Genomics Abstract To characterize somatic alterations in colorectal carcinoma, we conducted a genome-scale analysis of samples, analysing exome sequence, DNA copy number, promoter methylation and messenger RNA and microRNA expression. A subset of these samples 97 underwent low-depth-of-coverage whole-genome sequencing. Excluding the hypermutated cancers, colon and rectum cancers were found to have considerably similar patterns of genomic alteration. Recurrent copy-number alterations include potentially drug-targetable amplifications of ERBB2 and newly discovered amplification of IGF2. Integrative analyses suggest new markers for aggressive colorectal carcinoma and an important role for MYC-directed transcriptional activation and repression.

Author:Kigul Gagal
Language:English (Spanish)
Published (Last):17 March 2015
PDF File Size:5.72 Mb
ePub File Size:17.83 Mb
Price:Free* [*Free Regsitration Required]

Metrics details Abstract Comparative analysis of multiple genomes in a phylogenetic framework dramatically improves the precision and sensitivity of evolutionary inference, producing more robust results than single-genome analyses can provide.

The genomes of 12 Drosophila species, ten of which are presented here for the first time sechellia, simulans, yakuba, erecta, ananassae, persimilis, willistoni, mojavensis, virilis and grimshawi , illustrate how rates and patterns of sequence divergence across taxa can illuminate evolutionary processes on a genomic scale.

These genome sequences augment the formidable genetic tools that have made Drosophila melanogaster a pre-eminent model for animal genetics, and will further catalyse fundamental research on mechanisms of development, cell biology, genetics, disease, neurobiology, behaviour, physiology and evolution. Despite remarkable similarities among these Drosophila species, we identified many putatively non-neutral changes in protein-coding genes, non-coding RNA genes, and cis-regulatory regions.

These may prove to underlie differences in the ecology and behaviour of these diverse species. Download PDF Main As one might expect from a genus with species living in deserts, in the tropics, on chains of volcanic islands and, often, commensally with humans, Drosophila species vary considerably in their morphology, ecology and behaviour 1.

Species in this genus span a wide range of global distributions: the 12 sequenced species originate from Africa, Asia, the Americas and the Pacific Islands, and also include cosmopolitan species that have colonized the planet D. A variety of behavioural strategies is also encompassed by the sequenced species, ranging in feeding habit from generalist, such as D. Despite this wealth of phenotypic diversity, Drosophila species share a distinctive body plan and life cycle. Although only D. Thus, in addition to providing an extensive resource for the study of the relationship between sequence and phenotypic diversity, the genomes of these species provide an excellent model for studying how conserved functions are maintained in the face of sequence divergence.

These genome sequences provide an unprecedented dataset to contrast genome structure, genome content, and evolutionary dynamics across the well-defined phylogeny of the sequenced species Fig.

Figure 1: Phylogram of the 12 sequenced species of Drosophila. Phylogram derived using pairwise genomic mutation distances and the neighbour-joining method , Numbers below nodes indicate the per cent of genes supporting a given relationship, based on evolutionary distances estimated from fourfold-degenerate sites left of solidus and second codon positions right of solidus.

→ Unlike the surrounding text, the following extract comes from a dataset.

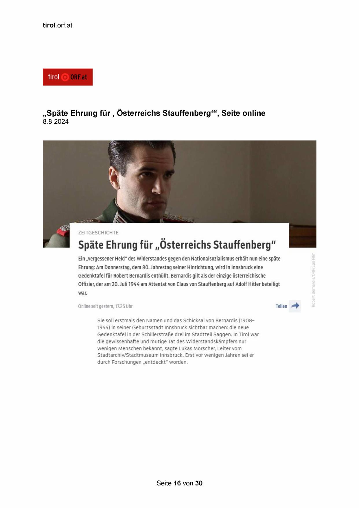 „Späte Ehrung für , Österreichs Stauffenberg‘““, Seite online

Coloured blocks indicate support from bayesian posterior probability PP , upper blocks and maximum parsimony MP; bootstrap values, lower blocks analyses of data partitioned by chromosome arm. Branch lengths indicate the number of mutations per site at fourfold-degenerate sites using the ordinary least squares method.

See ref. Genome assembly, annotation and alignment Genome sequencing and assembly We used the previously published sequence and updated assemblies for two Drosophila species, D. These species were chosen to span a wide variety of evolutionary distances, from closely related pairs such as D. Whereas the time to the most recent common ancestor of the sequenced species may seem small on an evolutionary timescale, the evolutionary divergence spanned by the genus Drosophila exceeds that of the entire mammalian radiation when generation time is taken into account, as discussed further in ref.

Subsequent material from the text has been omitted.